• Task details: In the listing below, find the line with "This holiday keepsake" and copy every line from there up to and including the line with "2年生の全クラスで、保健室の", exactly and without pictures.

• Record set:

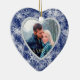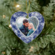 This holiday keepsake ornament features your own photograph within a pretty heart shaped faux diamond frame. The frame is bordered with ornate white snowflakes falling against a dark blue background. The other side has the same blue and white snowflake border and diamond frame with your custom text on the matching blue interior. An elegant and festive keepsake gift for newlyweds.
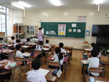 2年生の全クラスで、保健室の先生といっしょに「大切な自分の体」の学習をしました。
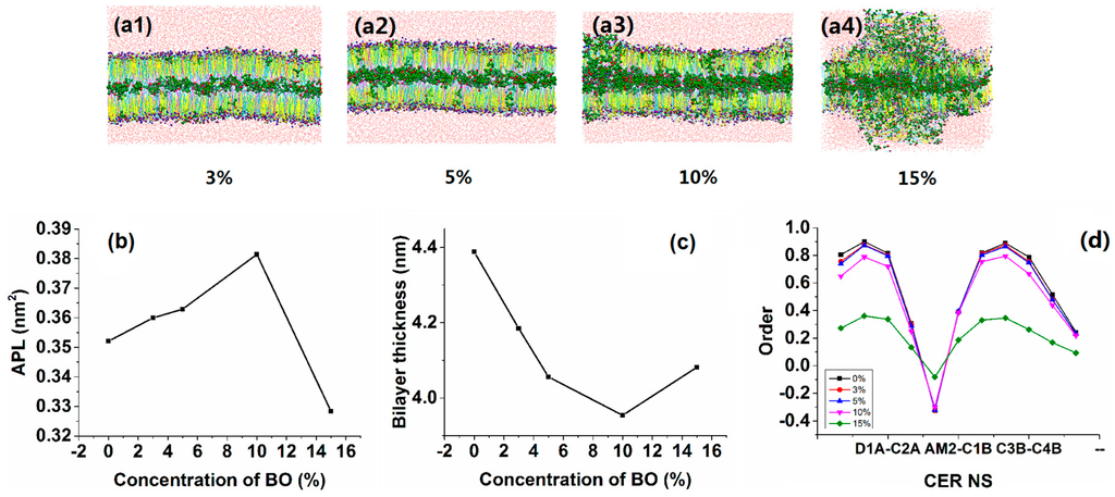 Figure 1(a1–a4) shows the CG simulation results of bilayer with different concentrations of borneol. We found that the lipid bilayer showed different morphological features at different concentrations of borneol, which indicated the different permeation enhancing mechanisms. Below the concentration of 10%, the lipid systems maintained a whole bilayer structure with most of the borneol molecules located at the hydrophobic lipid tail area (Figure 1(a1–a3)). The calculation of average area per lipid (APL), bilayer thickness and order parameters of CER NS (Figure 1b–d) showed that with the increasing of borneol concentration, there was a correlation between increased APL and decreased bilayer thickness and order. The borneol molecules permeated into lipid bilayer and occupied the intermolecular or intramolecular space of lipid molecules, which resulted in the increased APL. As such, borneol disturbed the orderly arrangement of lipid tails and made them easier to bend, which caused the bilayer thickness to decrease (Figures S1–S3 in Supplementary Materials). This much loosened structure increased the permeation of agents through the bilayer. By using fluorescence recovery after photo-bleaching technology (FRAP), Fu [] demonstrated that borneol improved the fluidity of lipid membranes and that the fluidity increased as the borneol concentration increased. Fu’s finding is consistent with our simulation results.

---

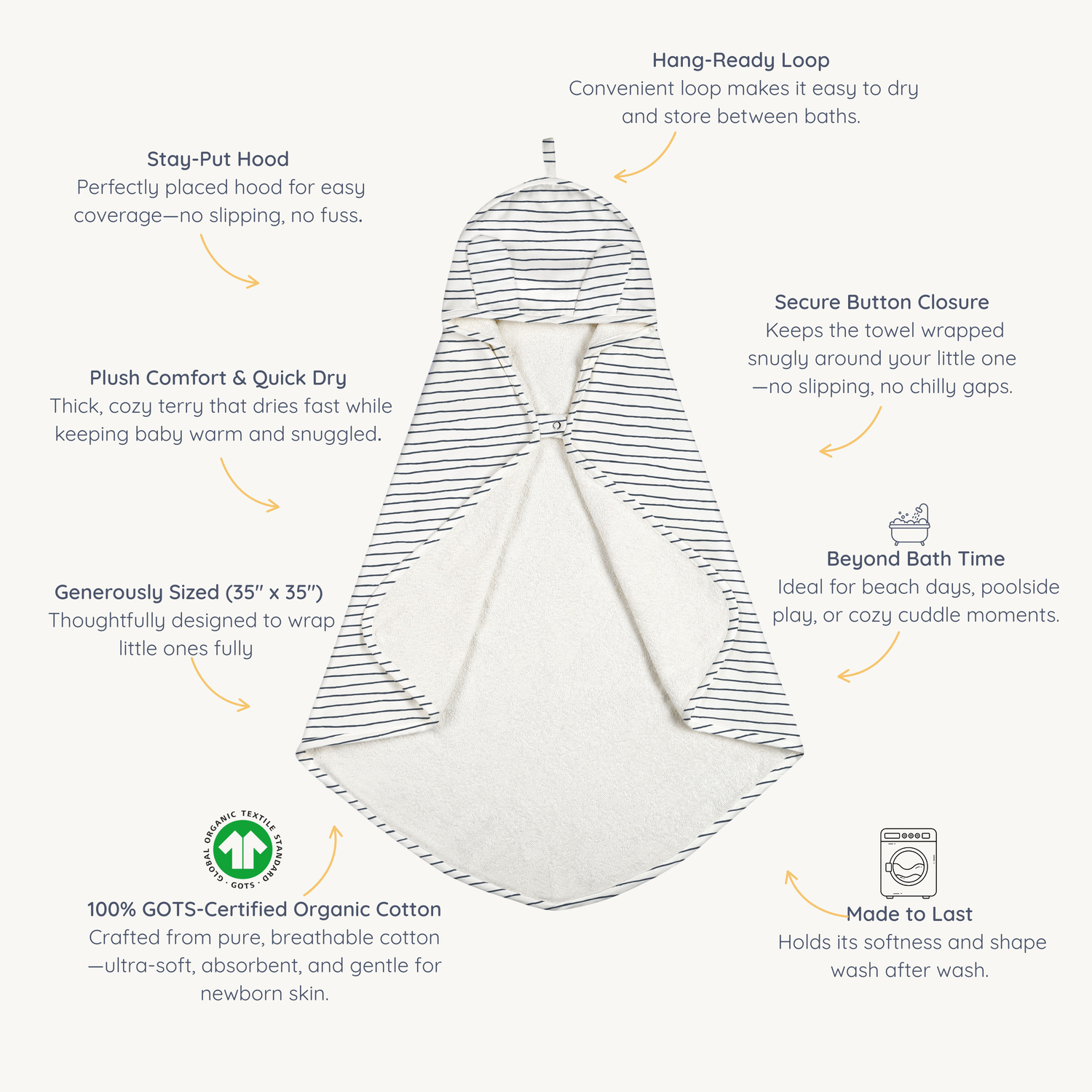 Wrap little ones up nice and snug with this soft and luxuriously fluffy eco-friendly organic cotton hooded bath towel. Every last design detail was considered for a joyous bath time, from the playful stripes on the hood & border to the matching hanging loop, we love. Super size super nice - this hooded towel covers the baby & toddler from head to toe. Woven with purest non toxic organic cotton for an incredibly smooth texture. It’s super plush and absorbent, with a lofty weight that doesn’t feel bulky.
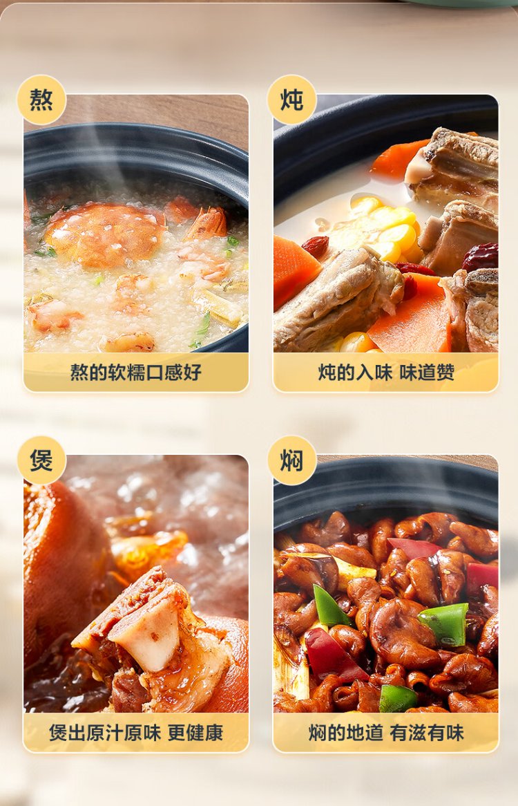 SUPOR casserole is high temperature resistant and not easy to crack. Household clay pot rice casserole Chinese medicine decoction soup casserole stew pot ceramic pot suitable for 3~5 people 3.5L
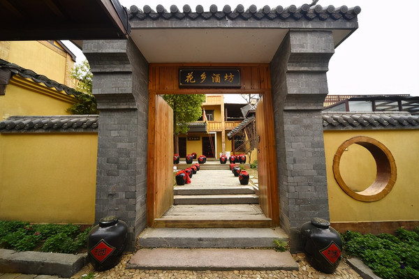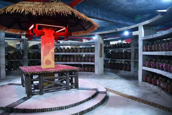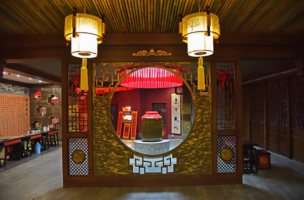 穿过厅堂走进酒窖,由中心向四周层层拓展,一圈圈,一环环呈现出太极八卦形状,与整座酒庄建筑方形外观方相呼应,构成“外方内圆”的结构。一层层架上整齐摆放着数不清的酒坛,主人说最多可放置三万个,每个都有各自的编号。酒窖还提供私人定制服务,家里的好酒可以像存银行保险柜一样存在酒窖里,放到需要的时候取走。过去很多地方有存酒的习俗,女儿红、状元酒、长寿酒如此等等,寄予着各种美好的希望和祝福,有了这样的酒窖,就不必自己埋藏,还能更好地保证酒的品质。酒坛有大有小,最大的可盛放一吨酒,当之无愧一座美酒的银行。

==

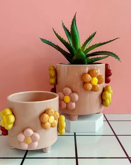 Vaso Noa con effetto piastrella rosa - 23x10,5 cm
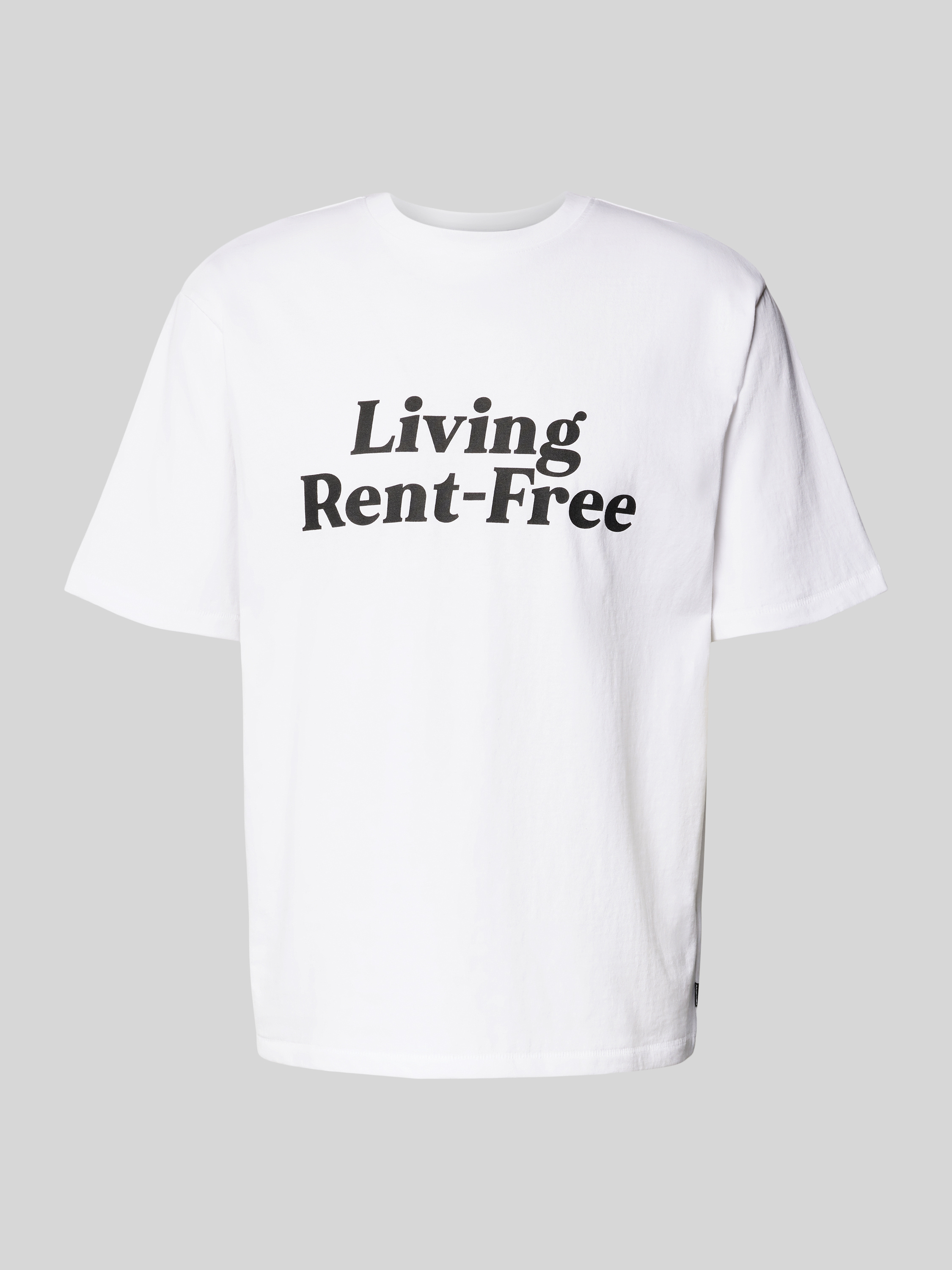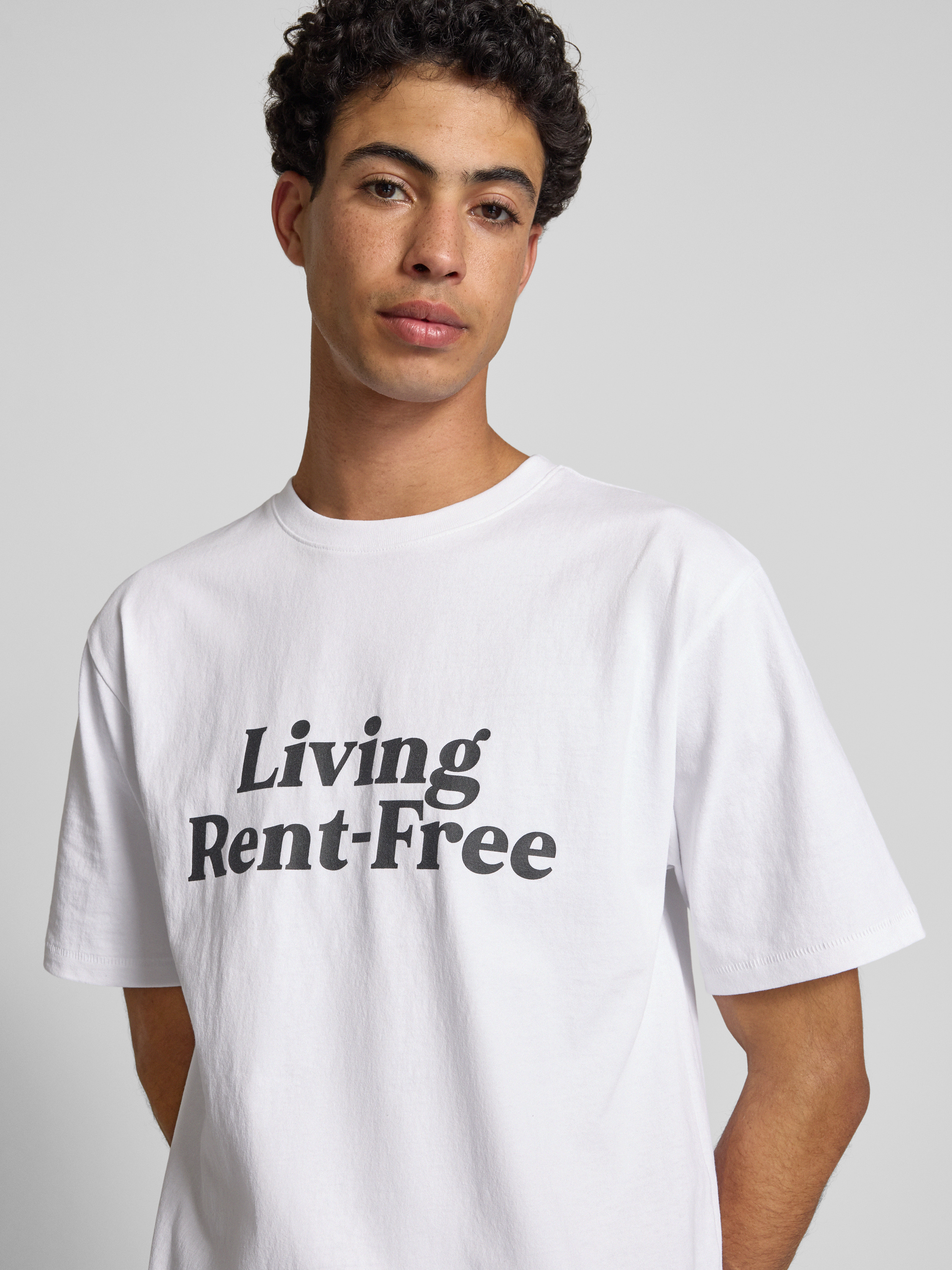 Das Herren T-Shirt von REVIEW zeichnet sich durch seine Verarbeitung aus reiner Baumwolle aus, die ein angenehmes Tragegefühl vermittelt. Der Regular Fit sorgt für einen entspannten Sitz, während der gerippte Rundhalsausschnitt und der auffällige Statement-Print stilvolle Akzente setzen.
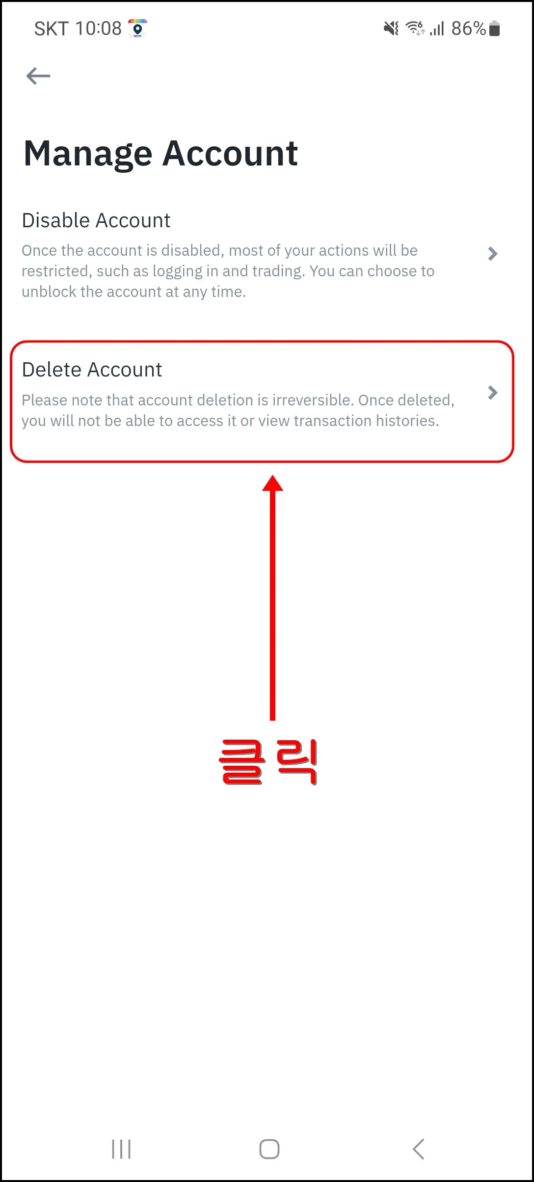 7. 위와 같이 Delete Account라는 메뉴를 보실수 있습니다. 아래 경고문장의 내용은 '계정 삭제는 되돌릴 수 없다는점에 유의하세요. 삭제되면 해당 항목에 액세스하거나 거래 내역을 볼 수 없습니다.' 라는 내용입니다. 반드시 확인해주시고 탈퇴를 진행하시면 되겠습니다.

• Expected answer:
 This holiday keepsake ornament features your own photograph within a pretty heart shaped faux diamond frame. The frame is bordered with ornate white snowflakes falling against a dark blue background. The other side has the same blue and white snowflake border and diamond frame with your custom text on the matching blue interior. An elegant and festive keepsake gift for newlyweds.
 2年生の全クラスで、保健室の先生といっしょに「大切な自分の体」の学習をしました。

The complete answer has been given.